X... le 3 janvier 2017, les comptes de l'exercice 2015 du syndicat Force ouvrière des entreprises de propreté n'étaient ni approuvés ni publiés, ce qui n'interviendra que postérieurement à la contestation de la décision, en mars et avril 2017, soit un an et demi après la clôture de l'exercice ; qu'il s'évinçait que le syndicat avait été gravement négligent dans la publication de ses comptes et ne justifiait pas, ce faisant, de la satisfaction du critère de transparence financière ; qu'en affirmant le contraire, au motif erroné qu'il ne pouvait être exigé du syndicat que ses comptes 2015 soient établis et approuvés avant la fin de l'année 2016, soit avant la nomination de M.

X... le 3 janvier 2017, le tribunal a violé l'article L. 2121-1 du code du travail, ensemble les articles L. 2135-1, L. 2135-5 et D. 2135-1 et suivants du même code ; 2°/ que l'effectivité et l'actualité de la transparence financière du syndicat s'apprécie au moment de l'exercice des prérogatives syndicales dans l'entreprise ; que, par suite, les comptes publiés par le syndicat ne doivent pas être obsolètes au moment de la désignation du représentant de section syndicale et le juge doit apprécier le respect du critère au regard des comptes pertinents, au regard de l'obligation pesant sur le syndicat de tenir et de faire publier des comptes annuels à la clôture de l'exercice ; que dès lors, en jugeant qu'il ne pouvait être exigé en l'espèce que les comptes 2015 soient établis et approuvés avant la fin de l'année 2016, soit avant la nomination de M.

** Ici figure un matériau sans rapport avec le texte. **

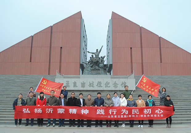 为传承和弘扬新时代沂蒙精神,增强基层党支部的凝聚力、战斗力和创造力,2018年12月1日-2日,我院外科党总支书记李承洋、神经外科党支部书记王国栋带领支部党员和医护专家团赴孟良崮战役纪念馆和东蒙镇卫生院开展了“弘扬沂蒙精神,践行为民初心”的主题党日活动和党员义诊活动。
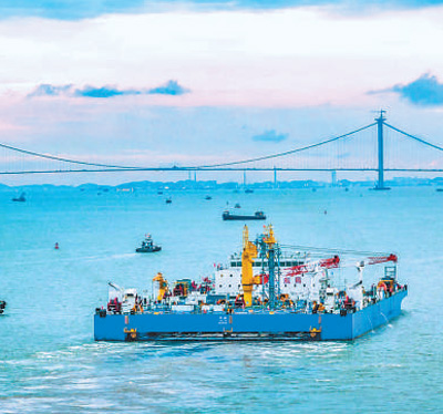 沉管浮运安装一体船“一航津安1”号。 |
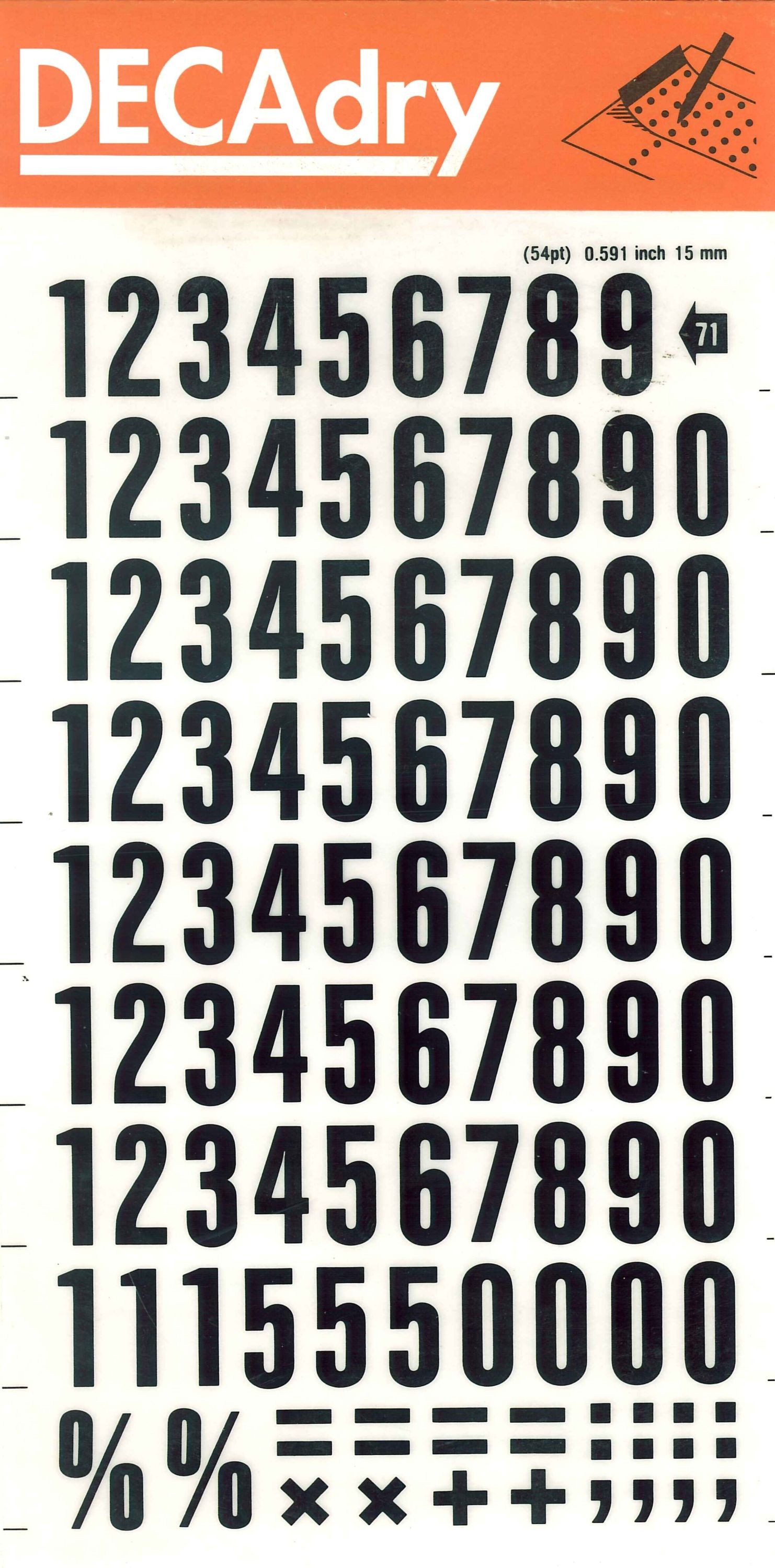 I numeri adesivi di colore nero alti 15 mm (54 pt) sono la soluzione perfetta per identificare e contrassegnare tutto ciò di cui hai bisogno in modo rapido, pulito ed efficace. Ogni confezione contiene 1 foglio da 105 caratteri, che ti permetterà di avere abbastanza numeri per i tuoi progetti. Queste le caratteristiche del prodotto:
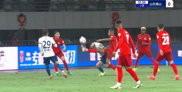 - 半場(chǎng)-楊超聲精彩倒鉤羅德里格傳射 梅州客家暫3-1山東泰山

X... le 3 janvier 2017, le tribunal a statué par un motif radicalement inopérant et privé sa décision de base légale au regard de l'article L. 2121-1 du code du travail, ensemble les articles L. 2135-1, L. 2135-5 et D. 2135-1 et suivants du même code ; Mais attendu que les documents comptables dont la loi impose la confection et la publication ne constituent que des éléments de preuve de la transparence financière, leur défaut pouvant dès lors être suppléé par d'autres documents produits par le syndicat et que le juge doit examiner ; Et attendu qu'ayant constaté que le syndicat Force ouvrière des salariés d'entreprises de propreté de la région Ile-de-France avait, avant la nomination de M.

X... en qualité de représentant de section syndicale le 3 janvier 2017, fait établir ses comptes 2013 et 2014 par un expert-comptable le 7 juin 2016, les avait fait approuver par le conseil syndical le 22 juin 2016 et publier auprès de la Direccte le 20 août 2016 et que les comptes 2015 avaient été approuvés et publiés à la Direccte en mars et avril 2017, le tribunal a pu en déduire que le critère de transparence financière était satisfait lors de la désignation de M.